Exercise prompt ::
With pictures left out, extract every line between the start of the records below and the line holding "Nachts schlafe ich", inclusive.

- Opening Delimiter -

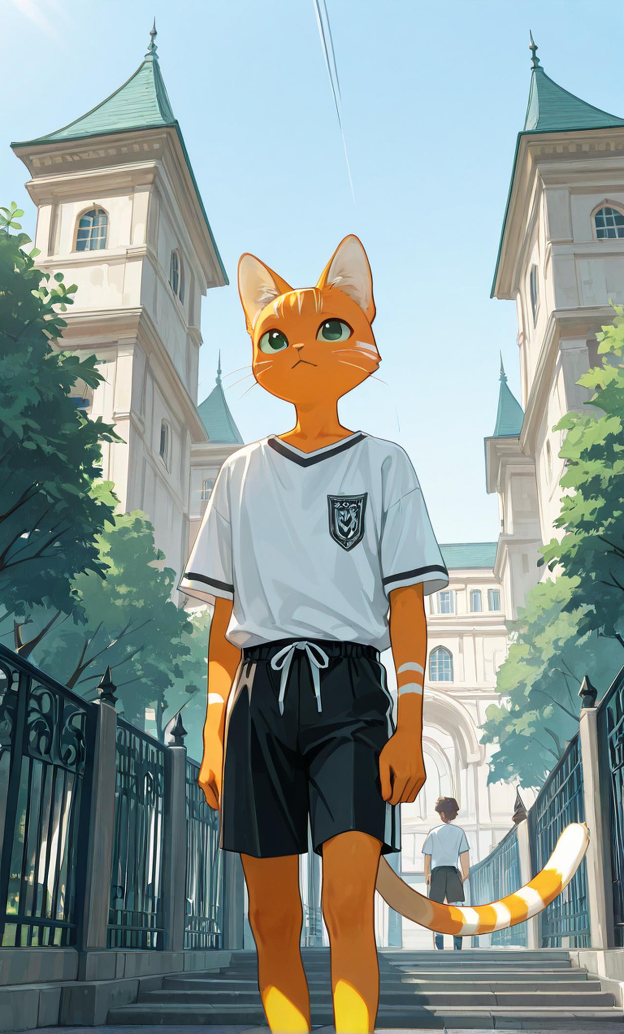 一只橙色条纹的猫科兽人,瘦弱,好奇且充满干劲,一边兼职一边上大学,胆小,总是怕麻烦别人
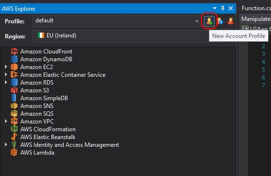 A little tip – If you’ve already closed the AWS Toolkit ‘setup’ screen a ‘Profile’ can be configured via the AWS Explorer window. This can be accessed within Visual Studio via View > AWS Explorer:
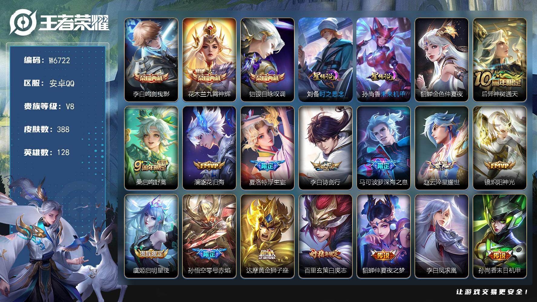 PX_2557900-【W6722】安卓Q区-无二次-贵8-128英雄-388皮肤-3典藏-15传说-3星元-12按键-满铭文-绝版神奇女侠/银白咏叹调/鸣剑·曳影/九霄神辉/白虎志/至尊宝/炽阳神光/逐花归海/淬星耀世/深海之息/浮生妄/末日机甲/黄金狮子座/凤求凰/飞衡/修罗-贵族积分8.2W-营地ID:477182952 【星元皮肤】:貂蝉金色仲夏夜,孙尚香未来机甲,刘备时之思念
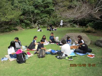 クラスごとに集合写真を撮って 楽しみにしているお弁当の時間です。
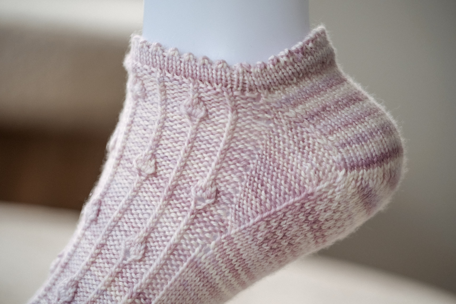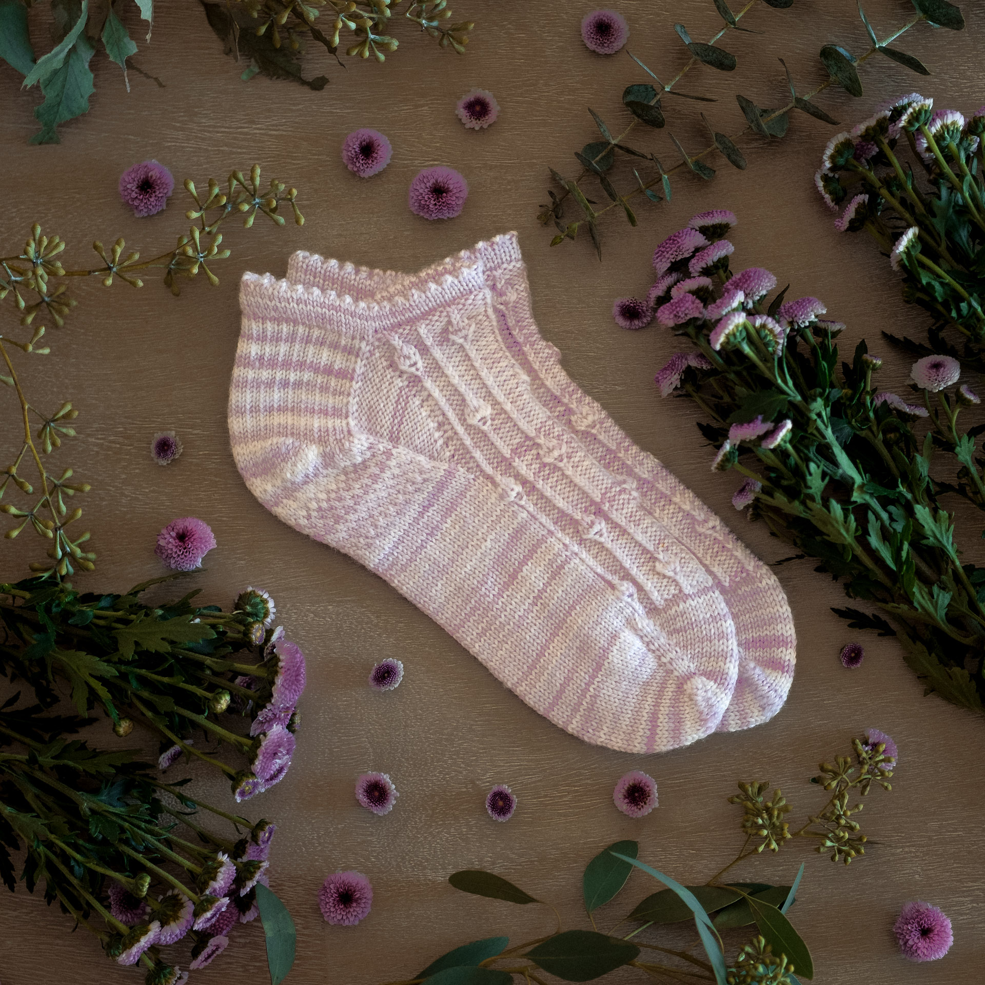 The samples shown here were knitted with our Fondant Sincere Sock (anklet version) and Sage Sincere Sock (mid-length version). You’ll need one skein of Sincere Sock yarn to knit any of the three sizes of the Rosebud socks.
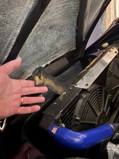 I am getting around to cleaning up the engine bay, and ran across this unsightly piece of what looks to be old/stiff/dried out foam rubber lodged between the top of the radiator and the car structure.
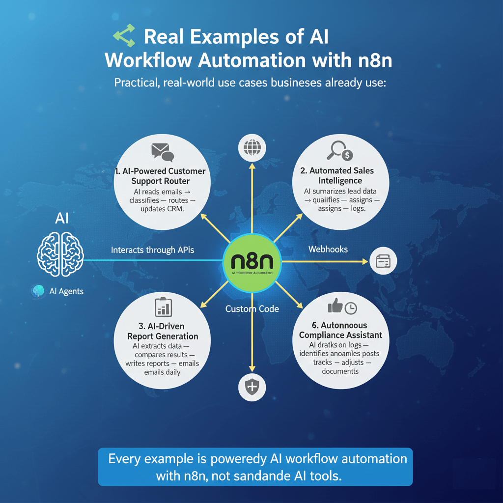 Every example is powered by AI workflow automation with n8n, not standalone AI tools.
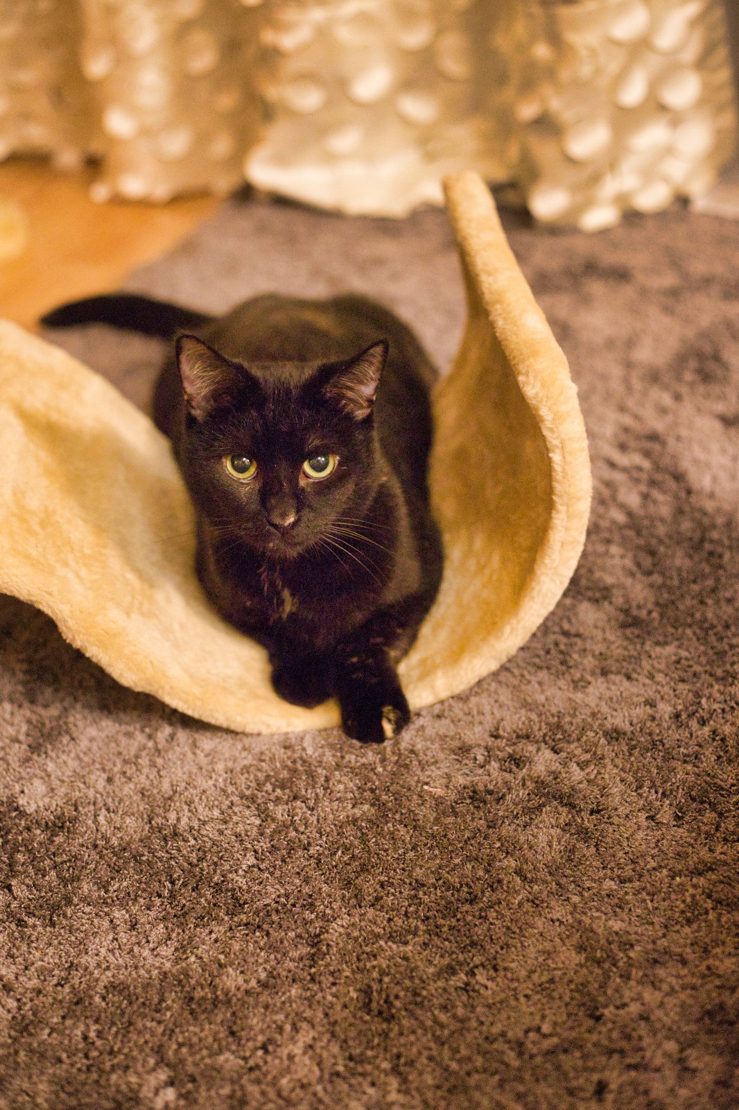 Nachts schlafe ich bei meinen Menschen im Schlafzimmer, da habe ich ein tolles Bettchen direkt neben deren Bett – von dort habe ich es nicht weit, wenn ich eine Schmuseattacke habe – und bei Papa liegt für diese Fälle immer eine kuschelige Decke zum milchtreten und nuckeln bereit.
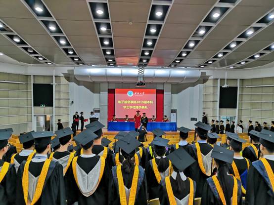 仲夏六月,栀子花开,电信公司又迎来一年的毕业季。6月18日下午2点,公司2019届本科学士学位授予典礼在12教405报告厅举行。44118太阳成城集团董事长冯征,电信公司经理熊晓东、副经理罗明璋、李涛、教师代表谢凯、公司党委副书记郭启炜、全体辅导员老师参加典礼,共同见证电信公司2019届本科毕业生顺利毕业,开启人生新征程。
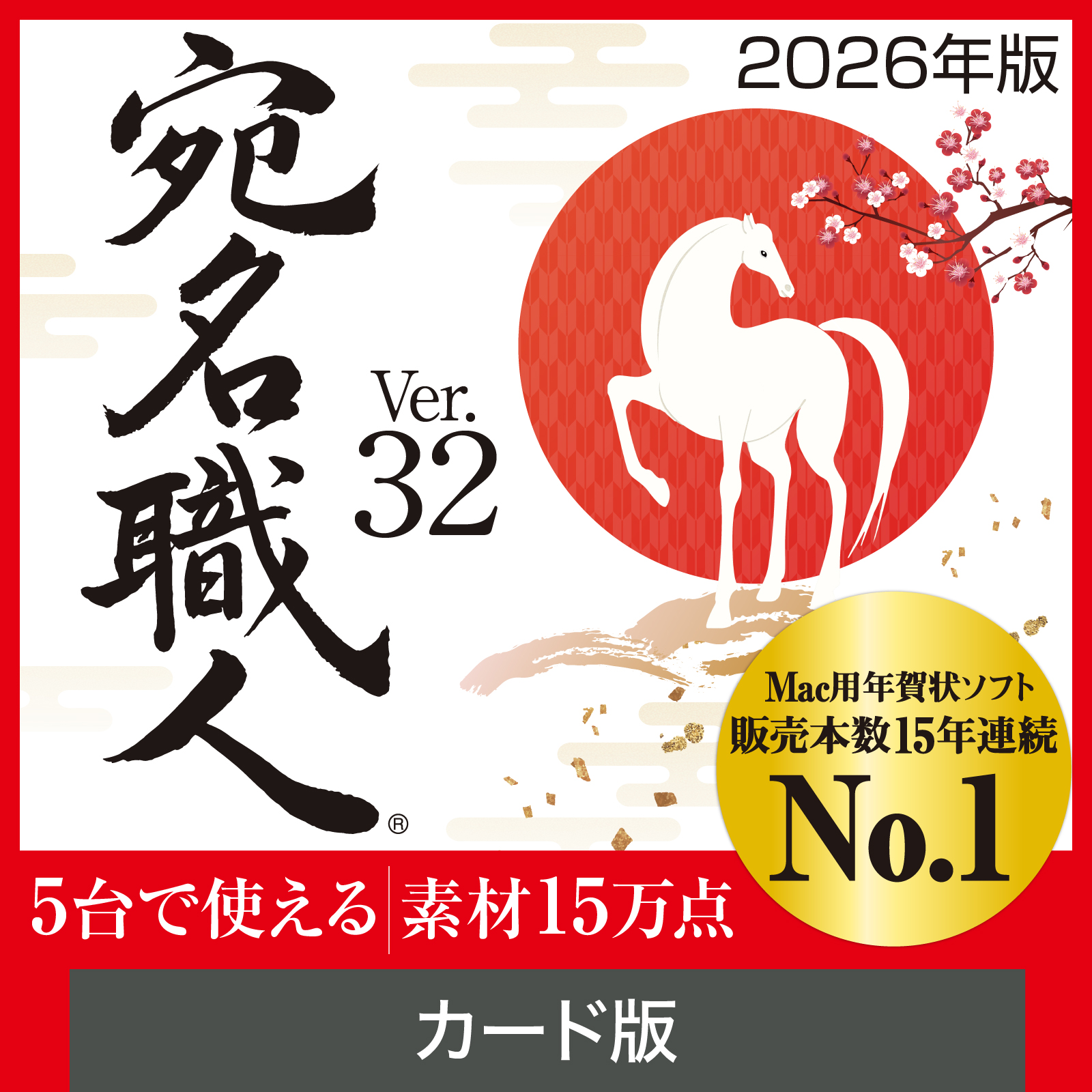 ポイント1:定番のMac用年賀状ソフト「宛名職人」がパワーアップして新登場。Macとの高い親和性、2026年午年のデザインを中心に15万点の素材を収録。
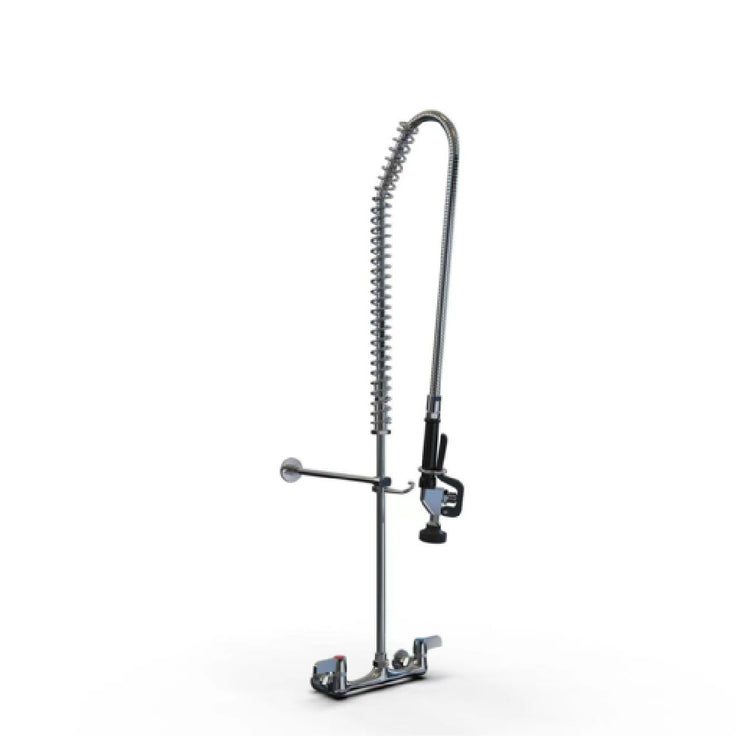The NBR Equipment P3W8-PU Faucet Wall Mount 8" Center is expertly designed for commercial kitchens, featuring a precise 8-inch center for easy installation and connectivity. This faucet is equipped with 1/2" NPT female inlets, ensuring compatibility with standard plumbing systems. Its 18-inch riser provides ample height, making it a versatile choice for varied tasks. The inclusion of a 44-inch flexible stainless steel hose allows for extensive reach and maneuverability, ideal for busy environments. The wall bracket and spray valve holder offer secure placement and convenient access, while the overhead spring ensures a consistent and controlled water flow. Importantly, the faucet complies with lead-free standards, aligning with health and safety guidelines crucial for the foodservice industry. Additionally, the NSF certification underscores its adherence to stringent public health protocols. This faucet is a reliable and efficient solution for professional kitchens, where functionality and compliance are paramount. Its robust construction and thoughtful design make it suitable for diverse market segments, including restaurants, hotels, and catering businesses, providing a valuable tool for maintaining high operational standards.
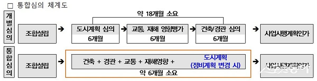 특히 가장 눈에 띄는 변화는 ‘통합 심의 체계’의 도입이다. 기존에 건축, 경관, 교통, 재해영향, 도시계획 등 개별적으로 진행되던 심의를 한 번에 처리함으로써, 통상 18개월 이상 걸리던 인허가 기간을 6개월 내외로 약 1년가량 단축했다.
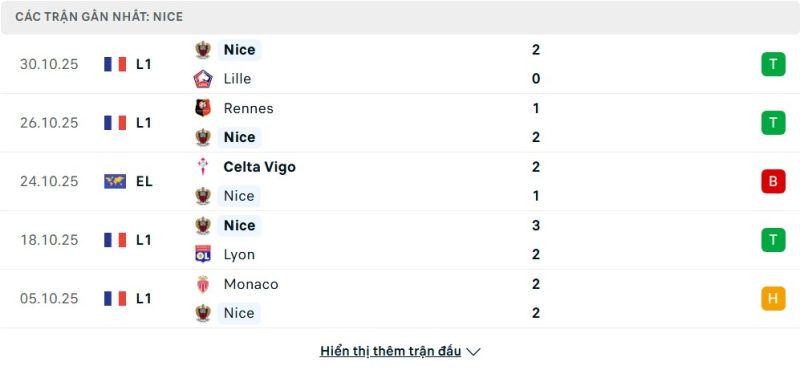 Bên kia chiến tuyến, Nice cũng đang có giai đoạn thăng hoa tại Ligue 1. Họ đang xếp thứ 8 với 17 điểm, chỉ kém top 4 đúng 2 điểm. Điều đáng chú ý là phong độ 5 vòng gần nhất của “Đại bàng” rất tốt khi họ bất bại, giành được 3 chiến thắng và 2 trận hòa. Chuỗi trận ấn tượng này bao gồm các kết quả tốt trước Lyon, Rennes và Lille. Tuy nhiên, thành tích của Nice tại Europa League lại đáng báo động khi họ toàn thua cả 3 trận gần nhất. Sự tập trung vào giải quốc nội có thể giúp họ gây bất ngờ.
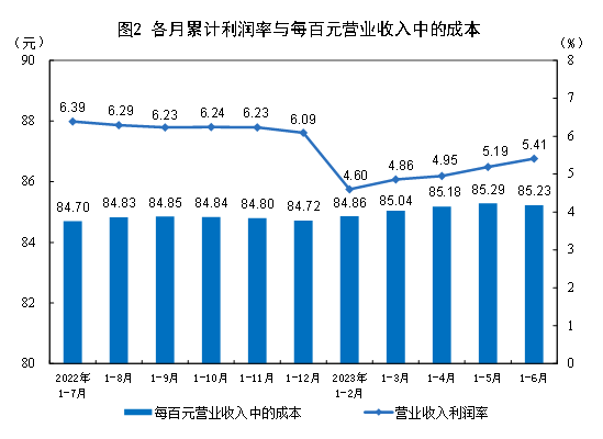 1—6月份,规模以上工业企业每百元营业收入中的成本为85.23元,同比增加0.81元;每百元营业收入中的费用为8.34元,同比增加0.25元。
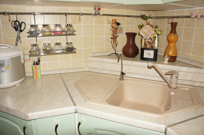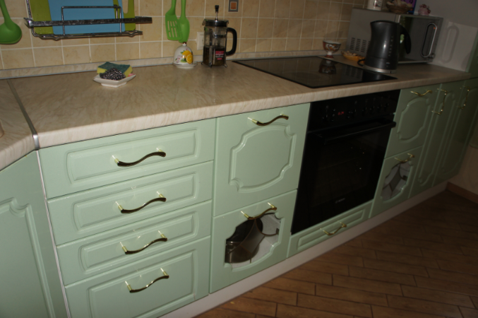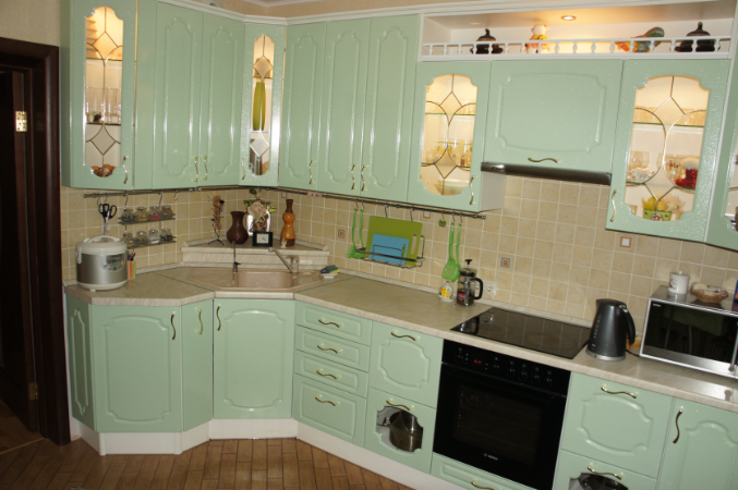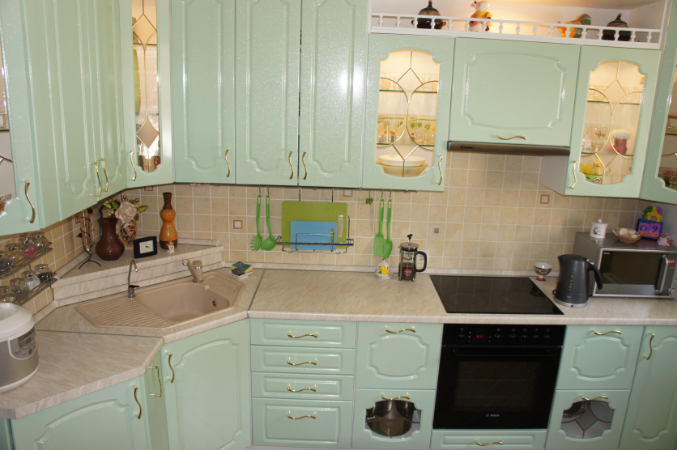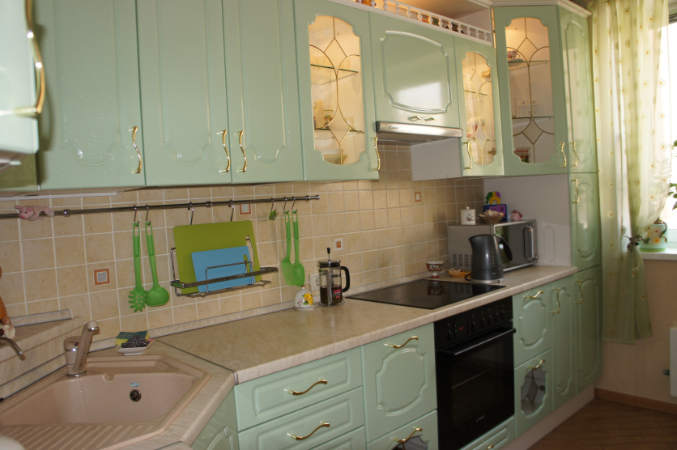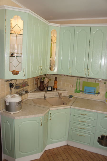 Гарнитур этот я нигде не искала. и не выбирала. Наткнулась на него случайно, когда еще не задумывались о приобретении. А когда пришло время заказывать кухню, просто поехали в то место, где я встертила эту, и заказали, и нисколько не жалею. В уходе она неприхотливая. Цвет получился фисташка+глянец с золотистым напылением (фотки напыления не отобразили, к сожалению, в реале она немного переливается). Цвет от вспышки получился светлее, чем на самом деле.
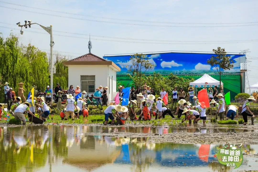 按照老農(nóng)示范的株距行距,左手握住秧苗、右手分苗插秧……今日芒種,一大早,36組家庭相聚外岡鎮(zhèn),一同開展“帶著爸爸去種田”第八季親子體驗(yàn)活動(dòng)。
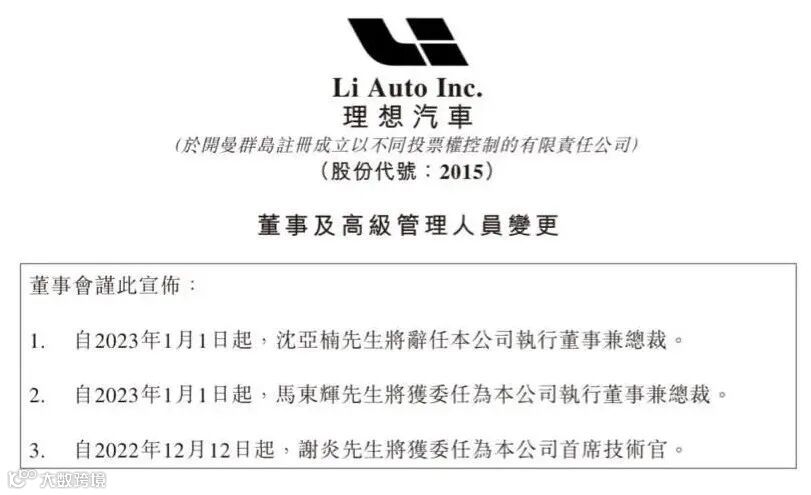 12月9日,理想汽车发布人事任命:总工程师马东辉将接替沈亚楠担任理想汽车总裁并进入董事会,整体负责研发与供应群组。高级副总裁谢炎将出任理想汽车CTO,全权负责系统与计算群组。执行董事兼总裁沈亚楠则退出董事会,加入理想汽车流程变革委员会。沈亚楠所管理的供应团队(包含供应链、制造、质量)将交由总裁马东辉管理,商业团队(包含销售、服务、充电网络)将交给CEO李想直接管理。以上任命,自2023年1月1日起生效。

- Closing Delimiter -

Solution for this problem ::
 一只橙色条纹的猫科兽人,瘦弱,好奇且充满干劲,一边兼职一边上大学,胆小,总是怕麻烦别人
 A little tip – If you’ve already closed the AWS Toolkit ‘setup’ screen a ‘Profile’ can be configured via the AWS Explorer window. This can be accessed within Visual Studio via View > AWS Explorer:
 PX_2557900-【W6722】安卓Q区-无二次-贵8-128英雄-388皮肤-3典藏-15传说-3星元-12按键-满铭文-绝版神奇女侠/银白咏叹调/鸣剑·曳影/九霄神辉/白虎志/至尊宝/炽阳神光/逐花归海/淬星耀世/深海之息/浮生妄/末日机甲/黄金狮子座/凤求凰/飞衡/修罗-贵族积分8.2W-营地ID:477182952 【星元皮肤】:貂蝉金色仲夏夜,孙尚香未来机甲,刘备时之思念
 クラスごとに集合写真を撮って 楽しみにしているお弁当の時間です。
 The samples shown here were knitted with our Fondant Sincere Sock (anklet version) and Sage Sincere Sock (mid-length version). You’ll need one skein of Sincere Sock yarn to knit any of the three sizes of the Rosebud socks.
 I am getting around to cleaning up the engine bay, and ran across this unsightly piece of what looks to be old/stiff/dried out foam rubber lodged between the top of the radiator and the car structure.
 Every example is powered by AI workflow automation with n8n, not standalone AI tools.
 Nachts schlafe ich bei meinen Menschen im Schlafzimmer, da habe ich ein tolles Bettchen direkt neben deren Bett – von dort habe ich es nicht weit, wenn ich eine Schmuseattacke habe – und bei Papa liegt für diese Fälle immer eine kuschelige Decke zum milchtreten und nuckeln bereit.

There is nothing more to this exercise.